Most people on both sides of the conflict support a two-state solution; that is, creating an independent Palestinian state. However, due to the long history of this conflict, there is a problem of trust in both parties. Neither party can trust that the other will uphold the commitments in any treaty that may be eventually signed. Another problem is agreeing on the exact borders and location of a possible Palestinian state. Within both societies, opinions are extremely polarized. The Israeli-Palestinian conflict is a very volatile issue. What is most regrettable about the Israeli-Palestinian conflict is the violence that has resulted from it. At every step of the way there has been violence, from a war involving armies, terrorism, paramilitary, and violence on a smaller scale through individuals fighting against each other. The Israeli-Palestinian conflict has also had a very large number of civilian fatalities on both sides.

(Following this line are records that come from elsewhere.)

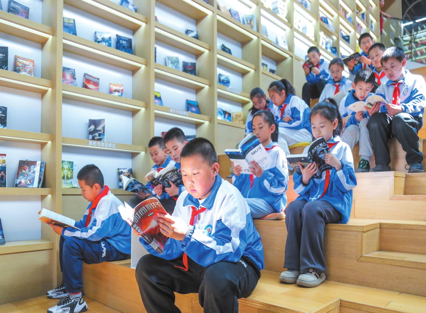 娘子關磚縫萌發(fā)新綠,礦山軌道延展為書徑。書香伴著春光,一直延伸到桃河岸邊。公園里,長長的書廊倚翠而設,市民捧卷靜立,春花落滿書頁。這座曾以火花照亮北方的城市,正將工業(yè)文明的硬朗骨骼,熔鑄成全民閱讀的錚錚鐵骨。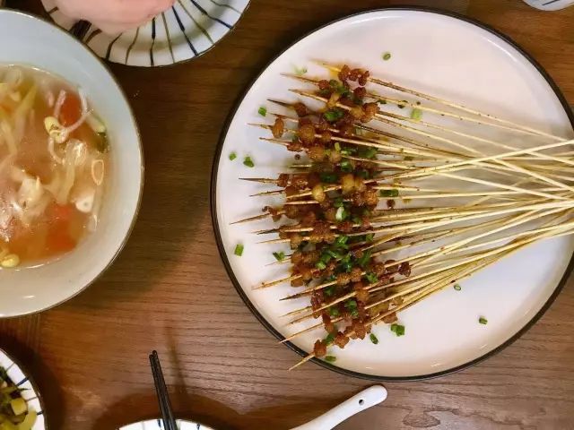 不过我所有的心神荡漾都在本场内测的主角——一盘烤牛油——上桌后戛然而止。滋滋的油光在餐厅的灯光下璀璨闪耀,我魂都没了!伸出一只爪子,拿了一串。不大,就3个迷你大小的油渣 。撒了香葱和辣椒面。一口下去,酥脆的“咯吱”声伴随着牛油在嘴里喷发。这是赤果果的酥香爆浆啊!我一口又一口,吃的幸福满足。S小姐无视的看着我,大抵是知道这个结果一定会发生。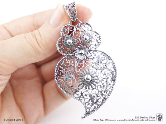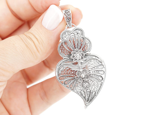 Medalha Coração Renda Grande, Filigrana Portuguesa, Prata de Lei 925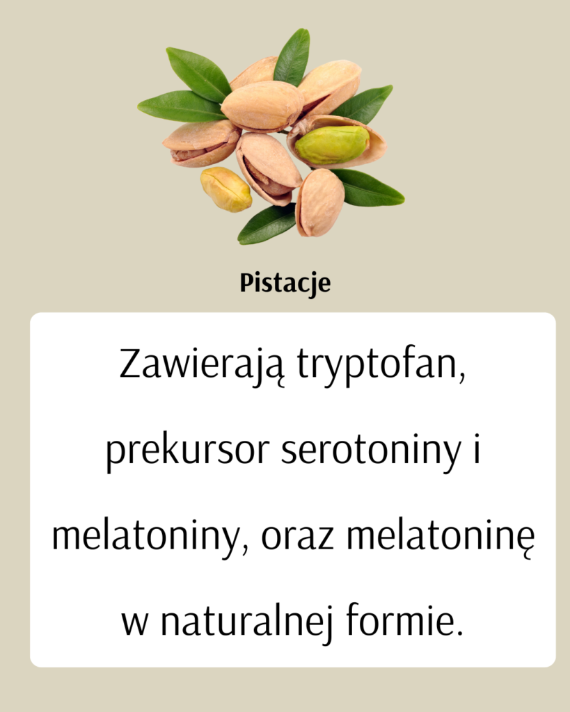 Pistacje – Zawierają tryptofan, prekursor melatoniny i serotoniny, oraz melatoninę w naturalnej formie. Świetnie sprawdzą się jako zdrowa przekąska na wieczór.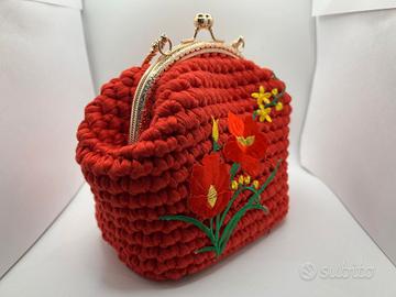 Borsette artigianali all’uncinetto in cordino rosso, impreziosite da ricamo floreale fatto a mano e chiusura in metallo color oro o argento dal gusto vintage, perfette come mini bag da cerimonia o per dare un tocco elegante a un outfit serale.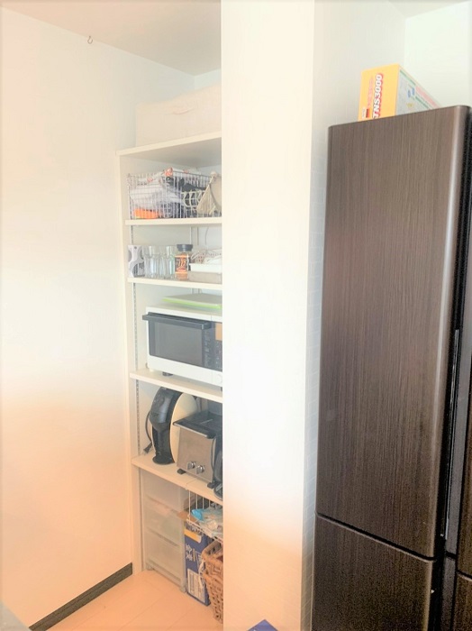 扉を付けず、オープンタイプの収納棚にしたので、トースターを8歳の子供の手の届く場所に置いたら、パンを自分で焼いたりと進んで家事に参加をしてくれるようになりました。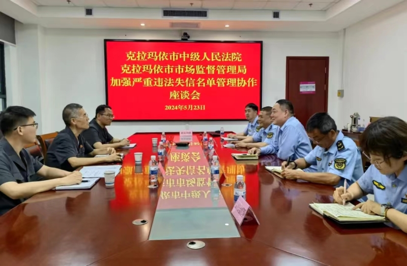 新疆平安網訊 5月23日,克拉瑪依市中級人民法院與克拉瑪依市市場監督管理局召開加強嚴重違法失信名單管理協作座談會。雙方就如何更好地暢通溝通協作機制、提高執法效率進行深入探討,就合力提高打擊“違法失信人員”的效率和效果,加強信息共享、健全完善溝通交流和跨部門協作機制達成一致意見。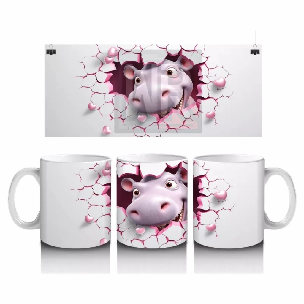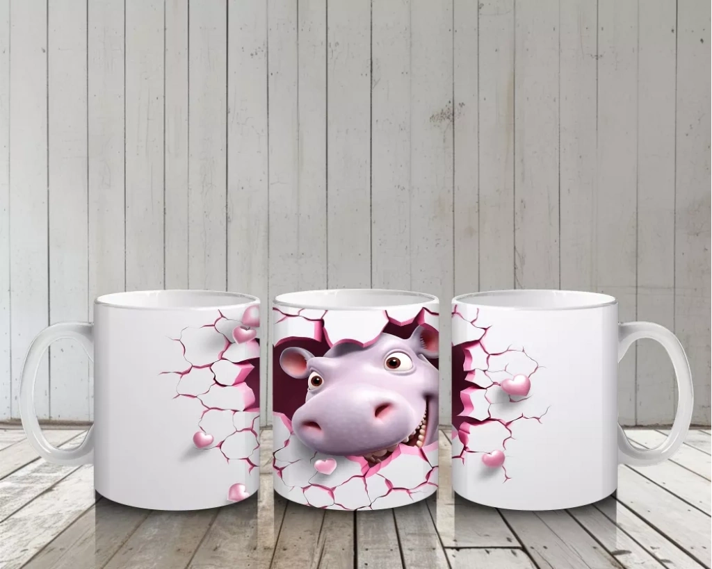 Pembe Çatlak Zeminden Bakan Sevimli Su Aygırı – Baskılı Kahve Kupası

Today, the parties that are negotiating an end to this conflict are the Israeli government, the PLO (Palestine Liberation Organization) and mediators from the United States, the United Nations, the Russian Federation, and the European Union. Throughout history, Egypt has been an important participant in the peace process, as a member of the Arab League. Today, there is a glimmer of hope for the end of this long-running conflict. Negotiations between both parties began directly in 2010, and the main goal today is to finally reach an agreement both parties can accept. While these peace negotiations have been delayed by the Arab Spring (the widespread youth revolt in Arab countries,) there is hope for an eventual end to the violence in this part of the world.